==== SUPPLIED MATERIAL

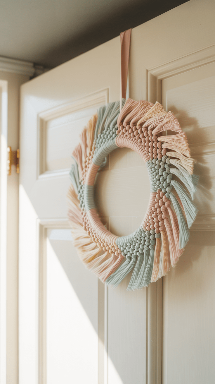 12. Makramee-Ostertürkranz in Pastellfarben
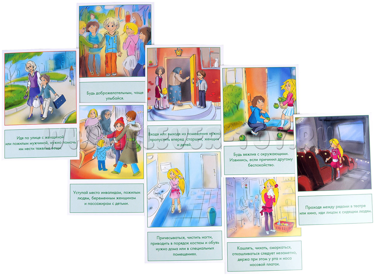 Дидактические карточки "Правила поведения" адресованы воспитателям ДОУ, логопедам, психологам, учителям начальных классов и родителям для занятий с детьми старше 3 лет и нацелены на формирование у детей:
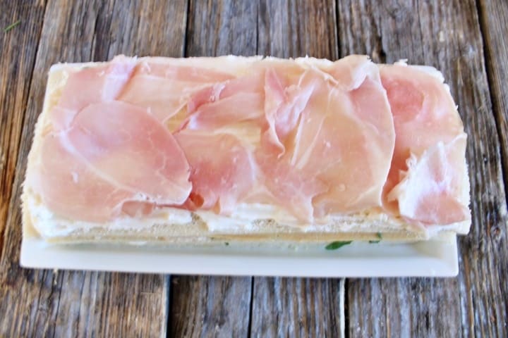• Cubre la rebanada de pan con la crema de queso, y luego con el jamón cocido entonces cubre con el pan.
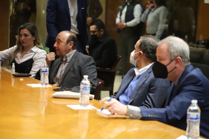 Ciudad Juárez, Chih .- El Presidente Municipal y su equipo de trabajo se reunieron esta tarde en las instalaciones de la Presidencia Municipal con las autoridades que participan en la Mesa Consular y en la Mesa Estatal de Seguridad. Ahí detallaron las acciones que emprenderán para brindar un mejor servicio a quienes acuden, especialmente de otros estados, a realizar trámites a la sede diplomática estadounidense.
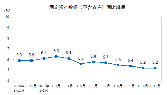 2019年1-11月份全国固定资产投资(不含农户)增长5.2%
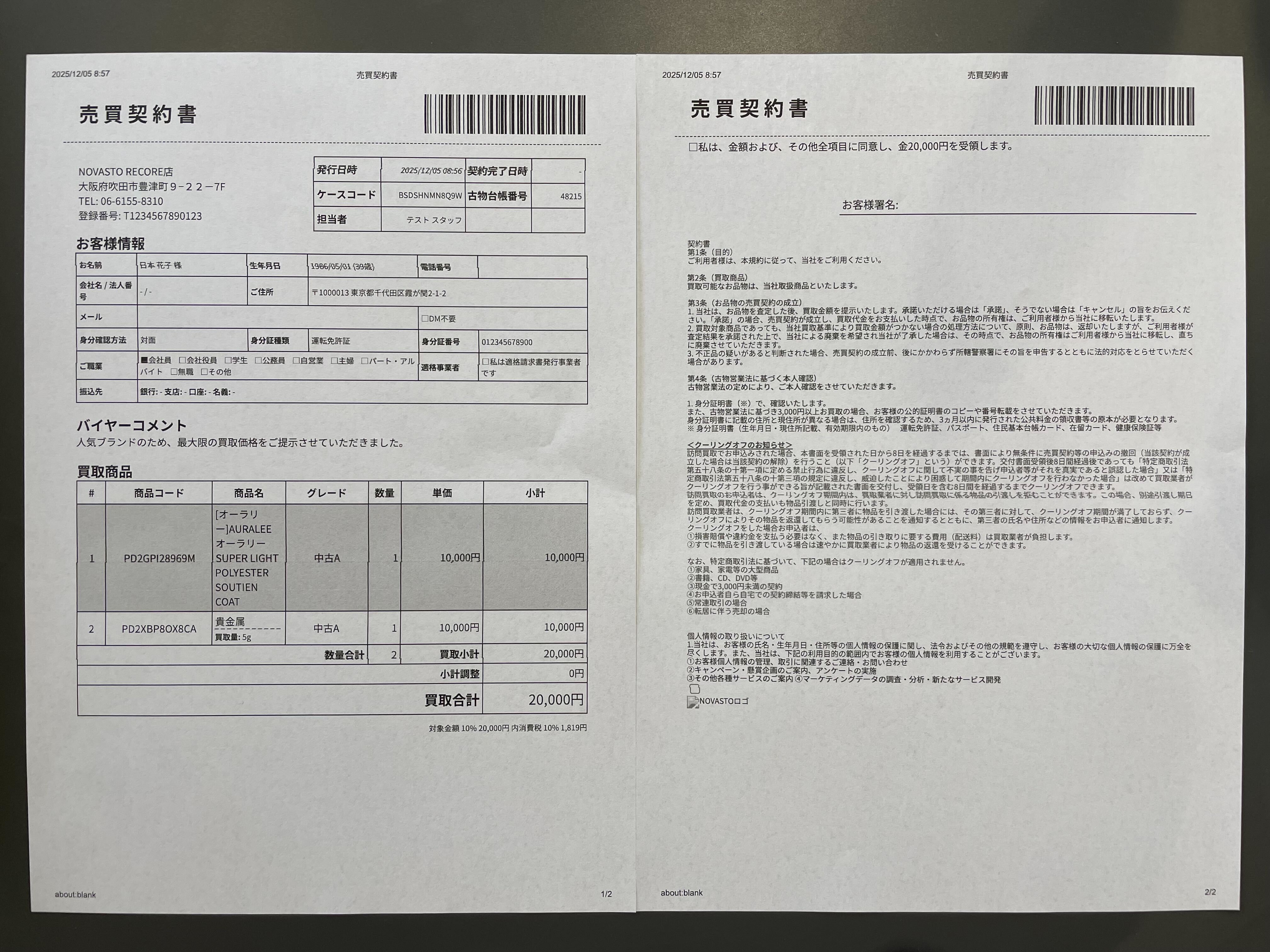 種類:売買契約書 用途:店頭買取において売買契約書を出力する際に活用します

========

** YOUR GOAL **
Make an exact copy of the lines from the top of the material through the line with "логопедам, психологам, учителям", pictures excluded.

** RESPONSE BELOW **
 12. Makramee-Ostertürkranz in Pastellfarben
 Дидактические карточки "Правила поведения" адресованы воспитателям ДОУ, логопедам, психологам, учителям начальных классов и родителям для занятий с детьми старше 3 лет и нацелены на формирование у детей:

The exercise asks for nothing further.